Ursa Studio offers a flexible deployment model, allowing it to be managed by Ursa, by the customer, or by a "hybrid" approach in which the (1) customer database and (2) S3 buckets (or Azure Storage Containers) are managed by the customer but the (3) Ursa Studio application and the (4) application database are managed by Ursa.

A common evolution of the hosting regime is for the deployment to start out in the "Ursa Cloud" but to migrate to a "Hybrid Cloud" once the customer is ready to take on the management of the customer database and the storage buckets/containers.

Happily, this transition is an easy one to accomplish, requiring only a modest amount of maintenance downtime.

Limitations

The Ursa Cloud to Hybrid Cloud transition as outlined in this document is only possible if the customer database is going to remain in the same cloud (AWS vs Azure) and in the same region as the existing customer database.

If moving to a new region is necessary, then the transition should be thought of as a new deployment, although we can use module submission and import to migrate all the existing assets into the new deployment.

Database Considerations

If the new database is managed by AWS (e.g. Redshift or RDS) or Amazon (e.g. Synapse or MSSQL) then the steps outlined in the Within-AWS Hybrid Cloud Setup document or the Within-Azure Hybrid Cloud Setup document, respectively. Customers moving to a Snowflake deployment should follow the Snowflake Installation Instructions document.

Executing the Transition

Once the new customer database and storage buckets/containers are provisioned and the appropriate access has been granted to the Ursa Studio application, Ursa staff can re-point the application at the new database. This can be theoretically done without any downtime, but we nevertheless schedule a maintenance window to resolve any possible connectivity or authorization issues.

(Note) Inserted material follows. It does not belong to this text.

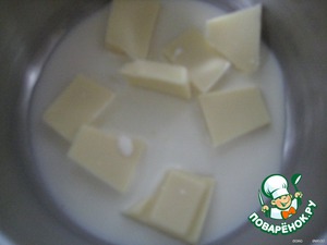 В маленькой кастрюльке растопить белый шоколад со сливками до однородного состояния.

If there are any barriers that cannot be resolved by the combined teams during the maintenance window, Ursa Studio can be pointed back at the existing database to preserve business continuity.

Migrating Data

The vast majority of the metadata that powers Ursa Studio is kept in the application database. That's why the transition to Hybrid Cloud is comparatively straightforward, because the application database will stay where it is, under the management of Ursa.

This means that once the application is pointed at the new customer database and the import objects are pointed at the new source data, running a full ELT will entirely rehydrate the customer database, as it had looked in the Ursa Cloud deployment.

That said, there are several tables of application metadata in the customer database that might merit migration. This migration should happen after the transition effort in which these tables are created by Ursa Studio; only the data within the tables need migration.

  • Value Sets and Lookup Tables ( mi_aa_002 and mi_aa_003) can be migrated via module submission and import, which is the way that we recommend moving these assets into the new customer database.
  • Affiliations ( mi_aa_005 and mi_aa_007) are rarely used, but you should check these screens in Metadata Manager to confirm that there are none to migrate.
  • Sources ( mi_aa_012) will typically need to be recreated via the screen in Integration Manager.
  • Cohorts ( mi_aa_016) will have to be migrated if you want to keep this data.